U.S. forces in Iraq (search) said Friday they are not holding a missing French reporter last seen leaving her Baghdad hotel two days ago, raising concern that she was kidnapped. France's president suggested it was irresponsible to dispatch journalists to Iraq.

President Jacques Chirac (search) said he was worried for veteran reporter Florence Aubenas of the daily Liberation (search) and France is "naturally mobilizing all means to obtain information and find her."

Speaking at his annual New Year's reception for media workers and bosses, Chirac also issued a stern reminder that French authorities "categorically advise against sending journalists to this country," where their safety "cannot be assured."

"It is a question of responsibility," he said. "If there were fewer journalists there, there would be fewer risks."

Chirac's outburst, a remarkable foray by a politician into the way reporters work, suggested exasperation that France may be facing a second hostage drama just weeks after two other French reporters were freed from four months of captivity in Iraq.

"You do not know of the size of the efforts and the overall cost for the nation," the French president said, apparently referring to the work it takes to get hostages released.

"I fully understand the demands of the profession, but there is a limit which is risking people's lives," he said. "It is not reasonable."

Patrick Sabatier, a deputy chief editor at Liberation, said it was still unclear what happened to Aubenas and her Iraqi translator, Hussein Hanoun al-Saadi, who were last seen Wednesday.
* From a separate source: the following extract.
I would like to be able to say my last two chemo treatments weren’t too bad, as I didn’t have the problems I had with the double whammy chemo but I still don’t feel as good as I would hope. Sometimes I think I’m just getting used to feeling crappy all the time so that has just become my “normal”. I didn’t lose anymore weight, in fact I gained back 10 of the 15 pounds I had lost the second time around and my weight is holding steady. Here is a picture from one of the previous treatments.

"There is absolutely no indication one way or another what the problem might be," Sabatier said in an Associated Press Television News interview. "Of course kidnapping, being what it is in Iraq, is a distinct possibility."

Sabatier said Liberation sends reporters to Iraq because it does not want to depend on U.S.-led forces or "the so-called resistance" for information.
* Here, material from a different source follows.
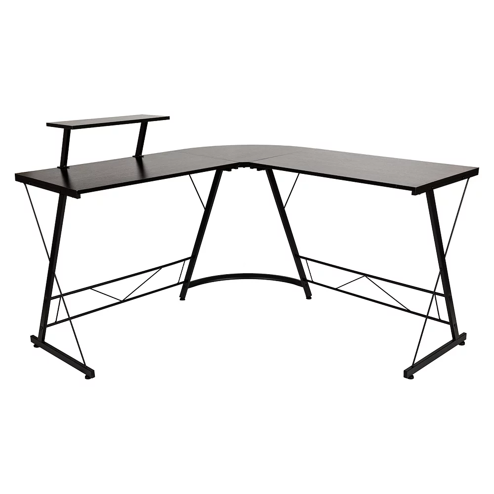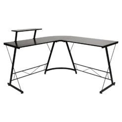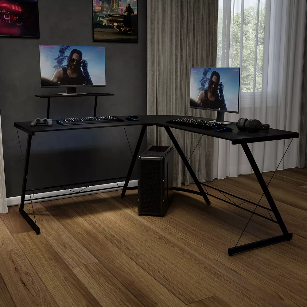 - L-Shaped desktop provides large surface for computer accessories or gaming consoles
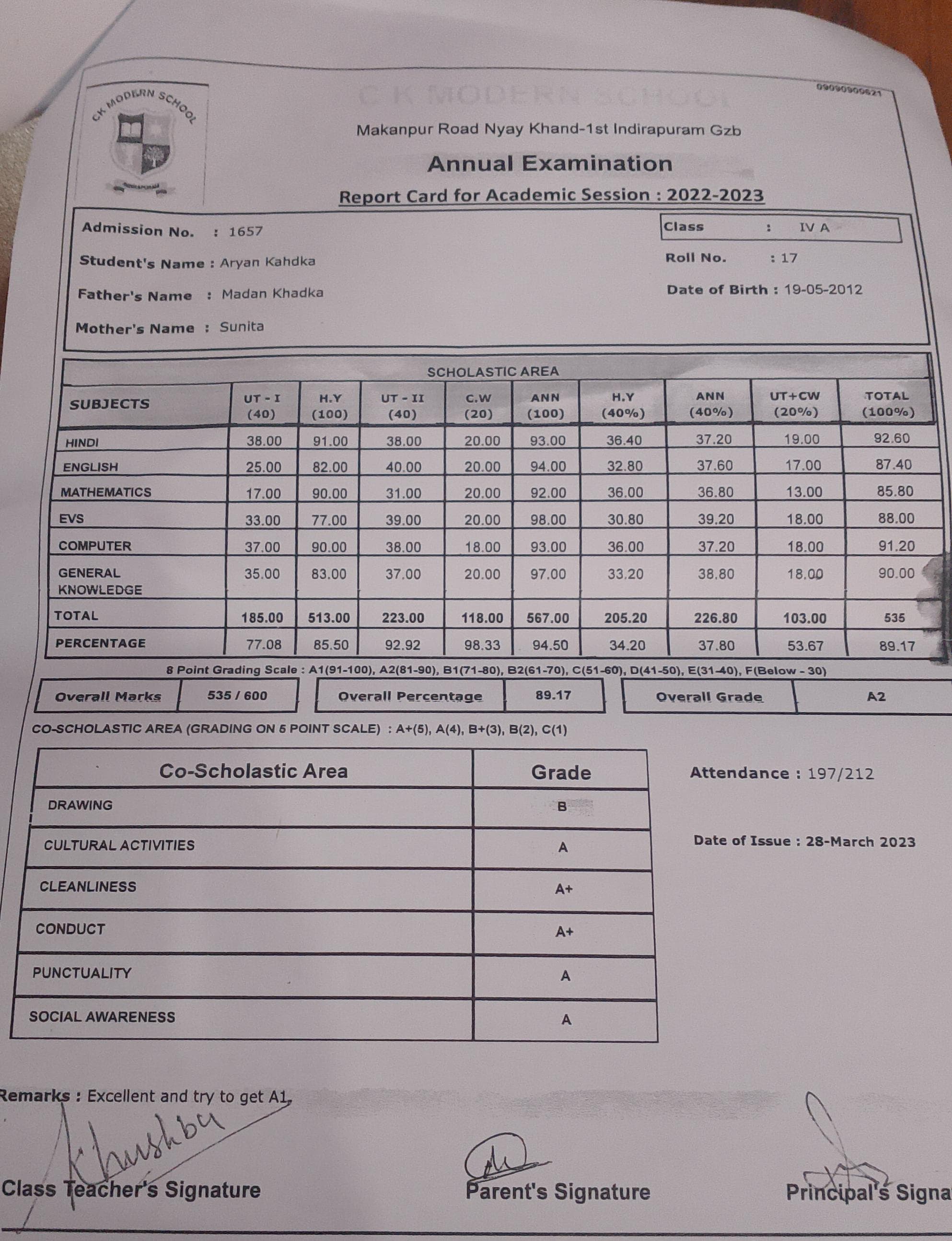 | Exam | Full Marks | Pass Marks | Marks Obtained |

"To be journalists means covering wars," he said. "We want to be able to report on the situation in Iraq by ourselves and that was the basis of our decision."

He also said reports that Aubenas disappeared on a dangerous road running north from Baghdad to Taji were unconfirmed. The U.S. military said it pursued reports that she disappeared on the Baghdad-Taji road and checked with American units to see if she had been detained there. The search was fruitless, U.S. military spokesman Lt. Col. Barry Johnson said.
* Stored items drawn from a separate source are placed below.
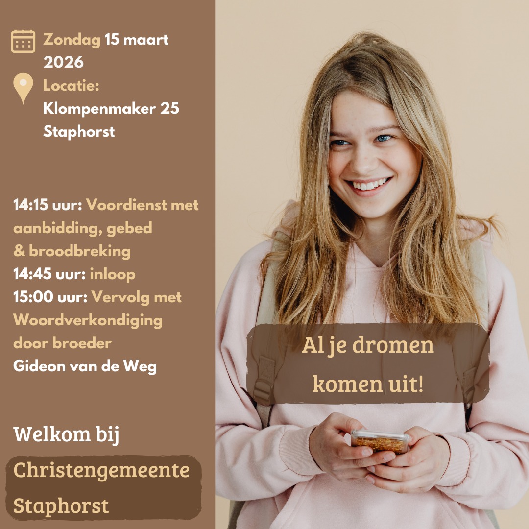 Iedereen is van harte welkom! Kijk gerust op de website van de gemeente: www.christengemeente-staphorst.nl
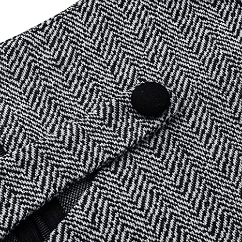 LKOUS 2 Piece Work Suits for Women's Houndstooth Print Buttons Open Front Long Sleeve Coat + Long Pants Casual Clothes
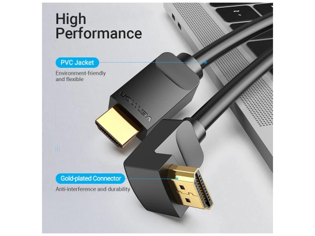 Кабель мультимедийный HDMI M to HDMI M 3.0m 4K60Hz 90° corner black Vention (AAQBI)
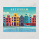 Klassisk Vintage Amsterdam Netherlands Waterfront & Boat Postcard. Den här utskriften ger en illustrerad bild av ett Amsterdamcitysslande från vatten. Enastående utformning, fantastisk perfekt.
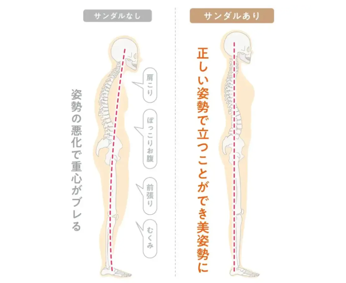 beyond shoesで歩き続けることで美姿勢が保たれるため、見た目もすっきりしたボディへと導きます。また姿勢が変わることで血流も改善も見込めるため全身が温まりやすく、自然と痩せやすいお身体が目指せるのです。
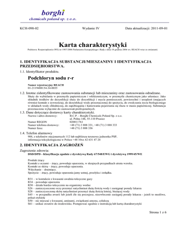 KCH-098-02 Wydanie IV Data aktualizacji: 2011-09-01 Karta charakterystyki Podstawa: Rozporządzenie (WE) nr 1907/2006 Parlamentu Europejskiego i Rady z dnia 18 grudnia 2006 ws. REACH wraz ze zmianami. 1. IDENTYFIKACJA SUBSTANCJI/MIESZANINY I IDENTYFIKACJA PRZEDSIĘBIORSTWA. 1.1. Identyfikator produktu. Podchloryn sodu r-r Numer rejestracyjny REACH 01-2119488154-34-0035 1.2. Istotne zidentyfikowane zastosowania substancji lub mieszaniny oraz zastosowania odradzane. Służy do wybielania w przemyśle papierniczym i włókienniczym, w przemyśle chemicznym jako utleniacz. Jako składnik środków do dezynfekcji służy do dezynfekcji i mycia pomieszczeń, powierzchni i urządzeń (mających również kontakt z żywnością), do dezynfekcji wody przeznaczonej do spożycia, do zwalczania życia biologicznego w układach wody chłodniczej, do zapobiegania i hamowania pojawiania się śluzu w masie papierniczej. Substancja przeznaczona wyłącznie do zastosowań profesjonalnych. 1.3. Dane dotyczące dostawcy karty charakterystyki. Nazwa i adres dostawcy: Numer REGON Numer telefonu dostawcy: Numer faxu: B.C.P. - Borghi Chemicals Poland Sp. z o.o. ul. Polna 14b, 55-110 Prusice 020011761 +48 (71) 3 888 331, +48 (71) 3 888 333 +48 (71) 3 888 336 1.4. Telefon alarmowy 988, z telefonów stacjonarnych 112 lub najbliższa terenowa jednostka PSP, informacja toksykologiczna w Polsce +48 10xx 42 631 47 24 2. IDENTYFIKACJA ZAGROŻEŃ Zagrożenie zdrowia: DSD/DPD - Klasyfikacja zgodnie z dyrektywą Rady 67/548/EWG i dyrektywą 1999/45/WE Produkt żrący Kontakt z oczami – żrący, powoduje oparzenia, w skrajnych przypadkach utrata wzroku. Kontakt ze skórą – żrący, powoduje oparzenia. Wdychanie – drażniący. Spożycie – żrący, powoduje oparzenia jamy ustnej, przełyku i żołądka. R31 – w kontakcie z kwasami uwalnia toksyczne gazy R34 – powoduje oparzenia R50 – działa bardzo toksycznie na organizmy wodne S26 – zanieczyszczone oczy przemyć natychmiast dużą ilością wody i zasięgnąć porady lekarza S28 – zanieczyszczoną skórę natychmiast przemyć dużą ilością letniej, bieżącej wody S45 – w przypadku awarii lub jeżeli źle się poczujesz, niezwłocznie zasięgnij porady lekarza - jeżeli to możliwe, pokaż etykietę S50 – nie mieszać z kwasami, aminami, związkami amonu, celulozą S61 – unikać zrzutów do środowiska. Postępować zgodnie z instrukcją lub kartą charakterystyki Strona 1 z 6 KCH-098-02 Wydanie IV C Żrąca Data aktualizacji: 2011-09-01 N Niebezpieczna dla środowiska CLP - Klasyfikacja zgodnie z rozporządzeniem (WE) nr 1272/2008 Met. Corr. 1 H290 Skin Corr. 1B H314 Eye Dam. 1 H318 STOT SE 3 H335 Aquatic Acute 1 H400 Contact with acids liberates toxic gas EUH031 ≥ 5% Piktogramy wskazujące rodzaj zagrożenia: GHS05 GHS07 Hasło ostrzegawcze: GHS09 Niebezpieczeństwo Składniki określające niebezpieczeństwo do etykietowania: brak Zwroty wskazujące rodzaj zagrożenia: H290 – Może powodować korozję metali. H314 – Powoduje poważne oparzenia skóry i uszkodzenia oczu. H335 – Może powodować podrażnienia dróg oddechowych. H400 – Działa bardzo toksycznie na organizmy wodne. EUH031 – W kontakcie z kwasami uwalnia toksyczne gazy. Zwroty wskazujące środki ostrożności: P260 – Nie wdychać pyłu/par/rozpylonej cieczy. P273 – Unikać uwolnienia do środowiska. P280 – Stosować rękawice ochronne / odzież ochronną / ochronę oczu / ochronę twarzy. P310 – W PRZYPADKU DOSTANIA SIĘ NA SKÓRĘ (lub na włosy): Natychmiast usunąć/zdjąć całą zanieczyszczoną odzież. Spłukać skórę pod strumieniem wody/prysznicem. P305+P351+P338 – W PRZYPADKU DOSTANIA SIĘ DO OCZU: Ostrożnie płukać wodą przez kilka minut. Wyjąć soczewki kontaktowe, jeżeli są i można je łatwo usunąć. Nadal płukać. P310 – Natychmiast skontaktować się z OŚRODKIEM ZATRUĆ lub lekarzem. P403+P233 – Przechowywać w dobrze wentylowanym miejscu. Przechowywać pojemnik szczelnie zamknięty. Własności niebezpieczne: W kontakcie z kwasami uwalnia toksyczne gazy. Zagrożenie środowiska: Działa szkodliwie na organizmy wodne ze względu na zmianę pH. Strona 2 z 6 KCH-098-02 Wydanie IV Data aktualizacji: 2011-09-01 3. SKŁAD/INFORMACJA O SKŁADNIKACH Nazwa Podchloryn sodu CAS, WE 7681-52-9 231-668-3 Zawartość min. 150 g Cl2 /dm3 Klasyfikacja zgodna z DSD/DPD C, R34, R31 Klasyfikacja zgodna z CLP Met. Corr. 1 H290 Skin Corr. 1B H314 Eye Dam. 1 H318 STOT SE 3 H335 Aquatic Acute 1 H400 4. ŚRODKI PIERWSZEJ POMOCY. Wdychanie: Wyprowadzić zatrutego z miejsca zagrożenia. Chronić przed utratą ciepła. W przypadku zatrzymania oddechu zastosować sztuczne oddychanie. Wezwać natychmiast pomoc medyczną. Kontakt ze skórą: Natychmiast przemywać dużą ilością wody. Usunąć odzież podczas mycia pod prysznicem. Nie stosować środków zobojętniających. Usunąć okulary ochronne, aby nie wprowadzić materiału do oka. Nie stosować olejków ani płynów kosmetycznych do zmywania. Chronić przed utratą ciepła. Wezwać natychmiast pomoc medyczną. Kontakt z oczami: Myj wodą oczy natychmiast i kontynuuj płukanie przez 30 minut przy otwartych powiekach obracając gałkami ocznymi. Wezwać natychmiast pomoc medyczną. Kontynuować mycie do momentu kiedy lekarz zaleci zaprzestanie mycia. Spożycie: W przypadku spożycia nie wywoływać wymiotów. Natychmiast podać poszkodowanemu do picia dużą ilość wody. Nie podawać środków zobojętniających. Wezwać natychmiast pomoc medyczną. 5. POSTĘPOWANIE W PRZYPADKU POŻARU Szczególne zagrożenia związane z substancją lub mieszaniną: Nie palna ciecz. Produkt rozkłada się z wydzieleniem tlenu, chloru, dwutlenku chloru. W ogniu wydzielają się drażniące gazy, pary i dymy. Środki gaśnicze: W przypadku pożaru stosować środki gaśnicze dostosowane do gaszenia palącego się otoczenia. Informacje dla straży pożarnej: Nosić nadciśnieniowy, samodzielny aparat do oddychania i o
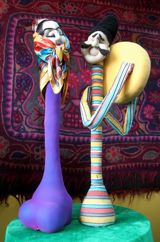 Deux poupées ? Xiusu ? en tissu fabriquées à la main par Shan Xiumei, exposées dans sa boutique d'Urumqi, capitale de la région autonome ou?ghoure du Xinjiang. (Jin Wei / pour le China Daily)
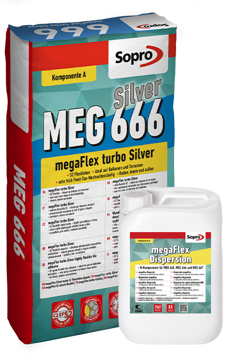 Silbergrauer, zweikomponentiger, zementärer, hoch flexibler, Fließbettmörtel, C2 FE S2 nach DIN EN 12004, für die besonders sichere Verlegung von Feinsteinzeug-, Beton- sowie Naturwerksteinplatten. Auf jungen, unbeheizten Zementestrichen (Fliesen und Platten mit Kantenlänge max. 60 cm), sowie auf Fußbodenheizungen durch spannungsabbauende Wirkung der Mörtelmatrix. Ideal für Balkone und Terrassen. Hohe Sicherheit für die Verlegung bei niedrigen Temperaturen. Geeignet für Groß- und Megaformate über 120 cm Kantenlänge am Boden. Sehr hohe Verseifungsbeständigkeit und Flexibilität. Hohe und dauerhafte Frostsicherheit durch sehr geringe Wasseraufnahme und Wasserundurchlässigkeit.
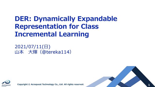 rights reserved. 18 1. 学習の流れは次の通り ① タスクが⼀つ追加されるたびに、⼀つの特徴抽出機を作成する。 – 過去の学習済パラメータは凍結し、学習中も変化がない。 ② 特徴抽出機の出⼒を結合し、分類する。 – Training LossはClassification Loss, Auxiliary Loss, Sparsity Lossの3つに区分され る。(詳細は次のP) 2. Pruning ① Channel-levelでの学習可能なマスクを⽤いてパラメータ数を削減する。

Liberation said Aubenas usually checks in at least twice a day.

Aubenas, 43, has worked for Liberation since 1986 and covered conflicts in Kosovo, Algeria, Rwanda, and Afghanistan. She has been in Baghdad since Dec. 16 -- days before kidnapped French reporters Georges Malbrunot and Christian Chesnot were freed by militants calling themselves the Islamic Army in Iraq.

Malbrunot agreed that sending journalists to Iraq was ill-advised.

"It seems to me extremely, extremely risky, especially given the work conditions now: Not going out of a hotel room, is that really getting informed?" Malbrunot said. "Our kidnappers said it to us: 'Don't come back."'

He and Chesnot returned to France on Dec. 22.

Aubenas was researching stories about women candidates in Iraq's Jan. 30 elections and seeking to meet refugees from Fallujah, the guerrilla stronghold U.S.-Iraqi forces invaded in November, Liberation said.